An AI agent that can only answer questions is low-risk. An agent that can send an email, move money, delete a record, or call an external system is a different animal entirely — because the moment it can take actions, a single bad decision has real-world consequences. On 2 April 2026, Microsoft released the open-source Agent Governance Toolkit, aimed squarely at that gap. Available for Python, TypeScript, Rust, Go and .NET, it provides what Microsoft calls an “Agent OS” — built around a stateless policy engine that intercepts every agent action before it executes.
What the toolkit actually does
The core idea is refreshingly simple. Rather than trusting an agent to behave well and hoping for the best, you put a checkpoint between the agent’s intention and the action itself. When the agent decides to do something — send that email, hit that API, write that record — the request is intercepted and checked against your policy first. If it passes, it proceeds. If it doesn’t, it’s blocked.
Two design choices make this practical:
- It’s stateless. The policy engine doesn’t have to remember a long history to make a decision; it evaluates each action on its own terms. That keeps it simple to reason about and easier to test.
- It intercepts every action. Coverage is the whole point. A guardrail with gaps is a guardrail an agent will eventually find its way around — usually at the worst possible moment.
- It’s broadly available. Shipping across Python, TypeScript, Rust, Go and .NET means most teams can adopt it without rewriting their stack.
The principle is old and sound: separate the thing that decides from the thing that acts, and check the decision before you let it become an action.
Why even a small team needs this
It’s tempting to assume governance is an enterprise concern — something for organisations with a compliance department and a risk register. That gets it backwards. A large company has layers of process that catch mistakes; a small team often has one person, one script, and no safety net. If your agent can take an action that touches a client, a payment, or a record you’re legally obliged to protect, the blast radius of a mistake is just as real at five people as at five thousand.

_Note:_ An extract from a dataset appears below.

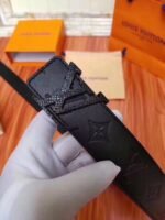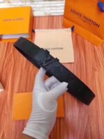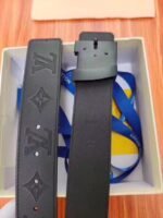 Louis Vuitton’s black V-buckle black textured belt interprets extraordinary taste with ultimate craftsmanship and material selection. It is made of top-grade leather and polished through multiple processes to give it a silky and tough texture. The surface of the belt is printed with the brand’s iconic LV letter pattern, and the metal buckle shines brightly, highlighting nobility and luxury.

For a professional-services firm in particular — handling client money, sensitive files, regulated communications — an unguarded action-taking agent is a liability waiting to happen. A policy layer turns “we trust the model” into “the model can only do what we’ve explicitly allowed,” which is a far more defensible position if a client ever asks how their data is handled.
What to gate first — without over-engineering
The risk with any governance tool is the opposite failure: wrapping everything in so much policy that the agent can’t do anything useful and your team quietly routes around it. Don’t gate everything. Gate the actions where a mistake actually hurts, and leave the harmless ones alone.
A sensible starting order:
- Anything irreversible — sending external communications, deleting data, issuing payments. These are the actions you can’t take back.
- Anything that touches money or contracts — invoices, refunds, anything that creates a financial or legal obligation.
- Anything that leaves the building — calls to external systems or third parties, especially where client data is involved.
- Leave alone the read-only, internal, easily-reversed actions. Reading a document or drafting text for human review needs no gate.
Start with one rule that blocks the single action you’d least want an agent doing unsupervised, confirm it works, then add rules only as you find real gaps. A short, well-understood policy that the team actually trusts beats an exhaustive one nobody can read.
What this means for a small UK team
For a small UK firm experimenting with agents that do more than chat, the takeaway is to install the guardrail before you need it — not after the near-miss. Put a policy layer in front of any agent that can take real actions, and treat it as non-negotiable infrastructure rather than a nice-to-have. The toolkit’s broad language support means it’ll likely slot into whatever you’re already building with.
Keep the policy itself small and legible to start: one or two rules covering irreversible, money-touching, or data-leaving actions, with a human in the loop on anything sensitive while you build confidence. The goal isn’t to slow the agent down — it’s to make sure that when it acts, it can only act within lines you drew on purpose. That’s the difference between an agent you’ve deployed and an agent you’ve simply let loose.